### Given material
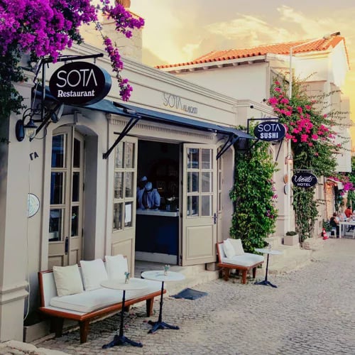 Chef Osman Serdaroğlu's one-starred table occupies a stone building amid Urla's vineyards, its terrace surveying the valley below. The kitchen applies Italian-inflected minimalism to Aegean ingredients—oxtail terrine with smoky aubergine, tagliolini brightened by lemon and local olive oil. A Turkish-focused wine list complements the cooking, and a Green Star recognizes the estate's sustainable practices. Guestrooms allow the evening to linger.
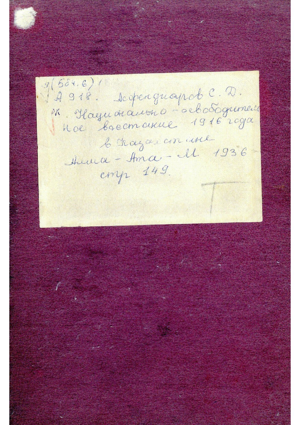 Национально-освободительное восстание 1916 года в Казахстане [Текст] / Асфендиаров С.Д. ; АН СССР... – Алма-Ата ; Москва : Казакстанское краевое изд-во, 1936. - 150 с. 23х15,5 см. . . – 10000 экз.
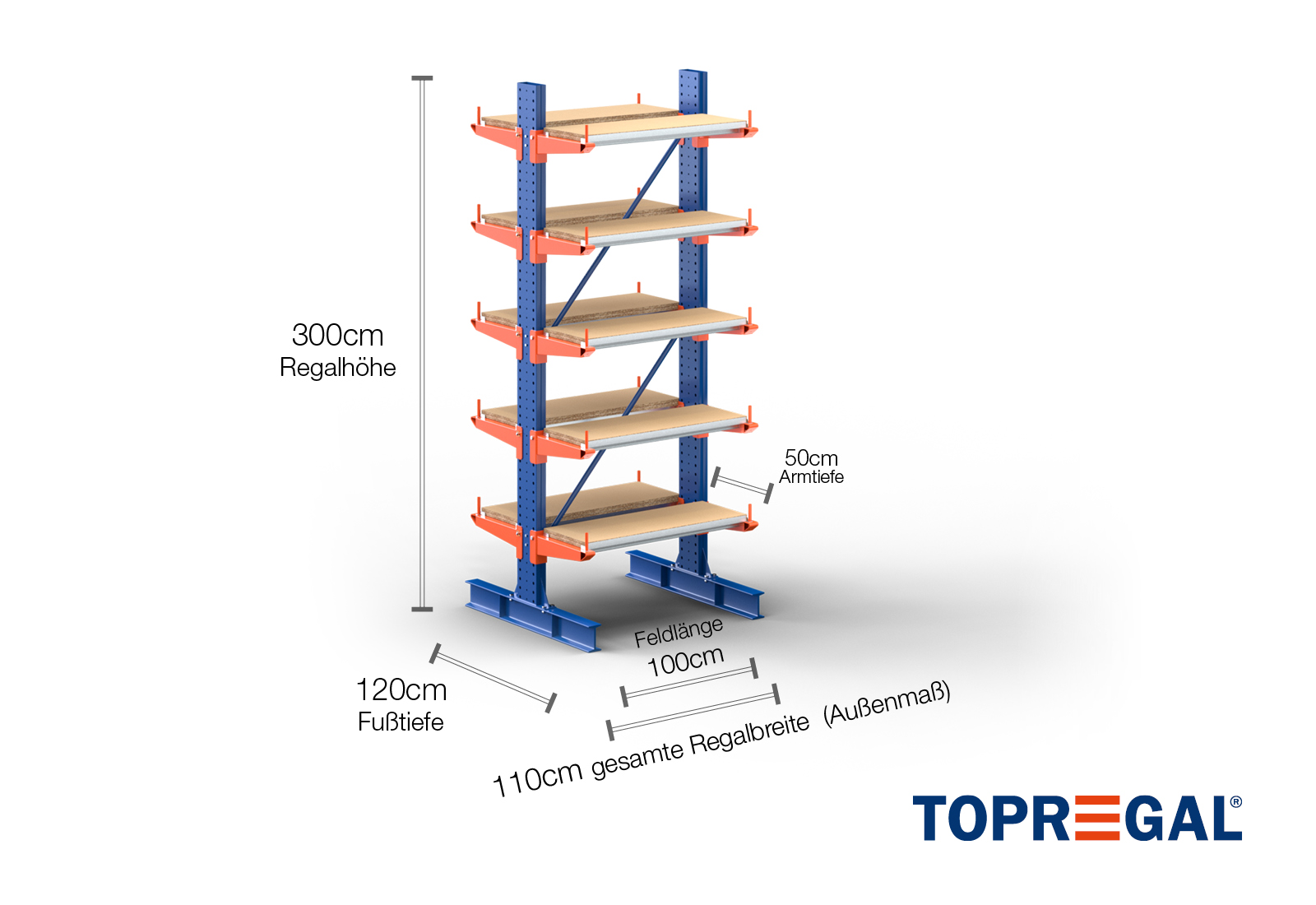 The axial dimension is the internal dimension between two shelf uprights. Depending on the cantilever type, we offer these fields in 120 cm (KR2500) and in 100 cm / 150 cm (KR3000 / KR6000).

### Task statement
I would like the data copied exactly as it stands, with no pictures included.

### Solution to the exercise
 Chef Osman Serdaroğlu's one-starred table occupies a stone building amid Urla's vineyards, its terrace surveying the valley below. The kitchen applies Italian-inflected minimalism to Aegean ingredients—oxtail terrine with smoky aubergine, tagliolini brightened by lemon and local olive oil. A Turkish-focused wine list complements the cooking, and a Green Star recognizes the estate's sustainable practices. Guestrooms allow the evening to linger.
 Национально-освободительное восстание 1916 года в Казахстане [Текст] / Асфендиаров С.Д. ; АН СССР... – Алма-Ата ; Москва : Казакстанское краевое изд-во, 1936. - 150 с. 23х15,5 см. . . – 10000 экз.
 The axial dimension is the internal dimension between two shelf uprights. Depending on the cantilever type, we offer these fields in 120 cm (KR2500) and in 100 cm / 150 cm (KR3000 / KR6000).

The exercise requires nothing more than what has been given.